I use organic top soil mixed with play sand 50/50 for large enclosures. For smaller enclosures I use Bed-A-Beast (the coco shreds) mixed with play sand 50/50. The bedabeast/coco bricks are not that cheap, like $5 for one brick that will make enough coco bedding for a 40 gallon tank. Its not much when it all expands.


----------



## Jacqui (Nov 2, 2007)

I remember the first time I saw one of those bricks. I thought folks were crazy and it would not make much bedding. Then I plopped one in the water in a large bowl and it just kept expanding and falling over the sides.

Some of them do a great job of expanding, but others take a little longer. Not sure the whys to that. Same brands and same water temps, but not always the same speed and ease of expanding.

I do like the fact they come in the nice neat little bricks from the store. Easier to pick up and bring home.


----------



## barbie69 (Nov 2, 2007)

Hmmmm I think I like the idea of the coconut fiber stuff better that dirt. I wonder how many bricks I would need for a sandbox if I do the 50/50 split. How often do you do a complete cleaning(remove and replace all the bedding)? 
Thanks for the help!!


----------



## chilieo (Dec 3, 2007)

Just to let everyone know.....kiddie pools are ONLY summer seasonal. I've found that out the hard way. I can't even find anyone, currently, that is willing to get rid of one. So, as an FYI - went and got a Walmart Tree Box it's approximately 4 feet long by 2 ft wide. So, far it's great plenty of room for GT to roam.

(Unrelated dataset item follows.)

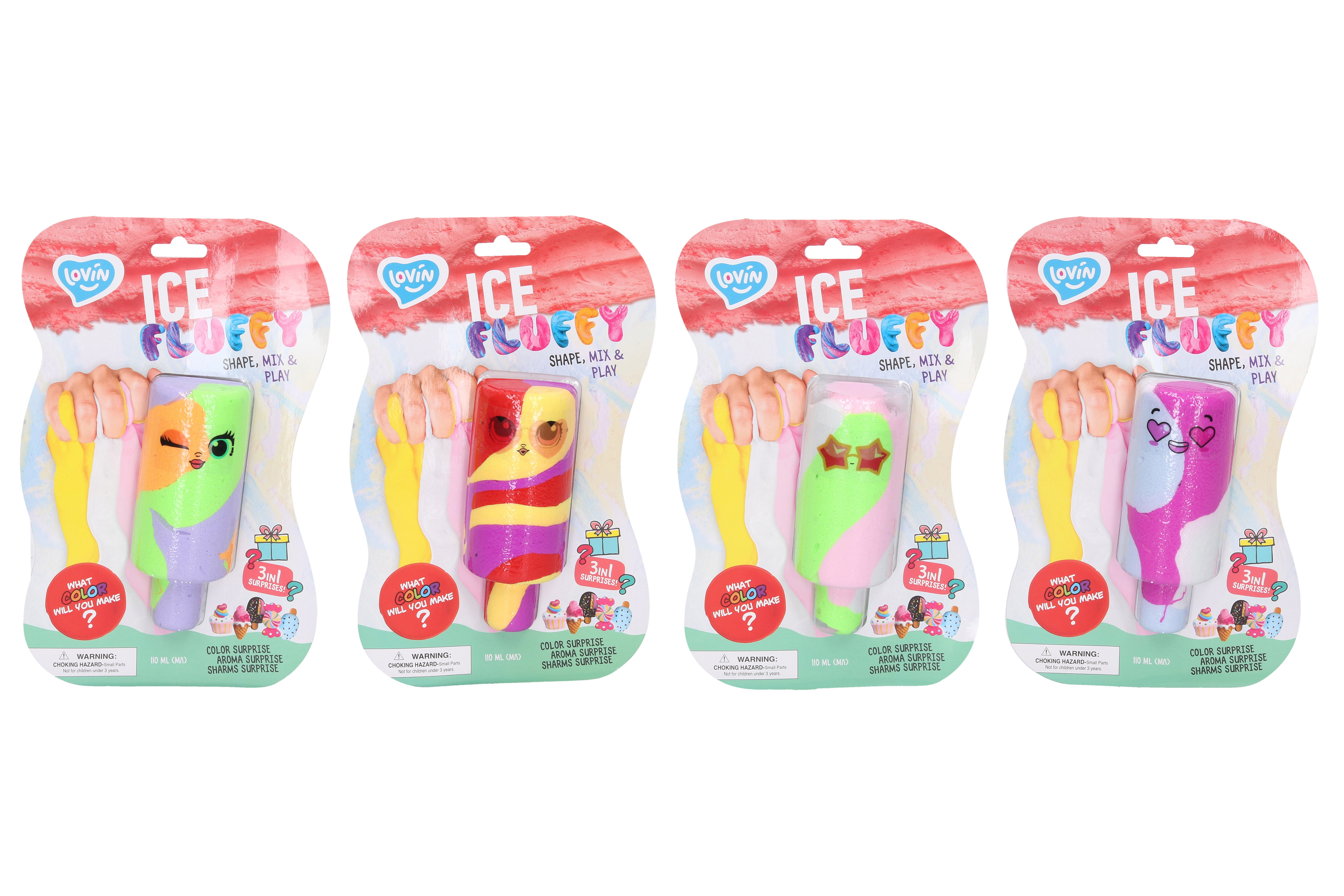 Lovin Sliz nadýchaný zmrzlina Ice Fluffy Eskimo 110 ml. Balenie obsahuje mix 3 farieb. Diagram miešania farieb na zadnej strane obalu. Niekoľko farebných variantov. Viac variantov.

Any suggestions for adding things into this environment? ? ? (rocks, excercise, etc.) I currently have a hide-a-log and a water "bowl", but that's about it. (o, minus the substrate of bed-a-beast and cypress bed.


----------



## TestudoGeek (Dec 3, 2007)

barbie69 said:


> How often do you do a complete cleaning(remove and replace all the bedding)?



I change the coconut substrate completely more or less every 2 months. But I have a baby tort still and I spot clean everyday.

I personally don't add any sand, but have added flat (and also round) stones to the enclosure to improve what I like to call "the footing experience". LOL


----------



## Lori J (Mar 22, 2010)

Flying Jenny said:


> Here is the first tort table we have built for our Hermann's. He loves the two level thing and goes up and down the "stairs" on a daily basis. He is bigger now than he was in these pictures and has a larger habi-hut and a larger water bowl. We are going to build him a bigger version of this habitat around Christmas time so he has more room to move. The tray that has the weeds in it is a plastic silverware tray from Target. We bought a bunch of them and planted them with weeds so that we can switch them out after he eats up all the weeds.



i know this is an older post..but nice home. where did you get the logs from? they are a great idea.


----------



## N2TORTS (Mar 22, 2010)

Josh said:


> hi guys,
> if you saw my other thread you know that i might be adopting a couple of desert tortoises
> im going to need to build them an awesome tortoise table and im calling on all tfo posters to help me include all the essential functions of a tort table. if you have designs, dimensions, or tips please post them!
> 
> thanks!



One thing ... about DT's. . .. they love to dig and burrow..... and most so called " Tort ~ TABLES" ... are not deep enough to accomidate this. If making one I would not only worry about the square footage ,but also the depth of it to help satisfy this natural urge and keep your tort happy. 
JD~
*on a side note* 
My first DT was obtained in 1973. 3 still in the family and my aunts is going on 32 years with her!



Josh said:


> i went to walmart target toys r us and petco today to look for a kiddie pool. no dice.
> i posted a bunch of craigslist wanted ads but all ive gotten in return is someone suggesting i check Food4Less stores...



Josh ....
try CVS...Thriftys .. or longs ..drug store "type"...belive it or not they start to carry those this time of year!
JD~


----------